A University of Melbourne dance performance segregates white audience members from people of colour and makes white patrons sign a declaration that states, ‘I acknowledge where I stand’ before they’re allowed to enter the theatre.
According to The Australian, the performance titled Where I Stand, aims to highlight the systemic racism indigenous people and people of colour have experienced in society and throughout history.
Creator and student Isabella Mason said, “The (white) audience in the foyer are invited to go through a process of accepting/transitioning/cleansing similar to a right of passage. I do not consider the ritual in the foyer to be any ‘lesser’ a part of the performance…”
In a post on Facebook promoting the event, Mason acknowledged that the event will take place “on the unceded lands of the Eastern Kulin Nation. That the Boon Wurrung and Woiwurrung peoples are the traditional and rightful custodians of this land.”
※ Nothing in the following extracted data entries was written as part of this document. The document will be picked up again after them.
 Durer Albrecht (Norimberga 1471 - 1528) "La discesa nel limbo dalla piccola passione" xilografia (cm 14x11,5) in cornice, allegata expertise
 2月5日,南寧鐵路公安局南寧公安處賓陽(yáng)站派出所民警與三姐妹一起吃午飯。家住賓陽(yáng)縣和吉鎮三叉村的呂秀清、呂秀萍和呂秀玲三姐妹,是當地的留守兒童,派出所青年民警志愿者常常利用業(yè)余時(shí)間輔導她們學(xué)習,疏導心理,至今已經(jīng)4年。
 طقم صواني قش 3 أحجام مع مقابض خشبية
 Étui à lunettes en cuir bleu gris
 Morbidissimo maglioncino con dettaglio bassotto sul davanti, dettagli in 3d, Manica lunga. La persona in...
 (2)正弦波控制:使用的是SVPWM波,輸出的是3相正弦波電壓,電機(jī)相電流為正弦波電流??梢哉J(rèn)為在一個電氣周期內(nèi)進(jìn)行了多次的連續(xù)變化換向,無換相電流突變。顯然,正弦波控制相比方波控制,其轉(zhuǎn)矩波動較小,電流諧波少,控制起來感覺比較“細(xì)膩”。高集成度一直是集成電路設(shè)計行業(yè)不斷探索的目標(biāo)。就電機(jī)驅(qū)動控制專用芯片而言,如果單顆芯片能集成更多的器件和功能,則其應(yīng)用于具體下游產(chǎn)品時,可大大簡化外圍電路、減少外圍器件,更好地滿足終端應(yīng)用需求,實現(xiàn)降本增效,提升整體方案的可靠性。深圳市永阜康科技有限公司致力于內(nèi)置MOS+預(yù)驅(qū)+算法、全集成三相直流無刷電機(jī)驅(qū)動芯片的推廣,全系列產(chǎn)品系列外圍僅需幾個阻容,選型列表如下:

“I would like to pay my respects to elders past, present and emerging. I would like to recognise sovereignty has never been ceded and treaties have not been signed,” she went on to say. Nevertheless, the show must go on!
Mark Latham rightly said on Twitter, “Australia badly needs a government willing to defund universities unless they practice freedom of speech, freedom of academic inquiry and freedom from segregation. When they created segregationist safe spaces it gave a green light to other forms of segregation…”
Can somebody tell the loony left that racism is not the solution to racism?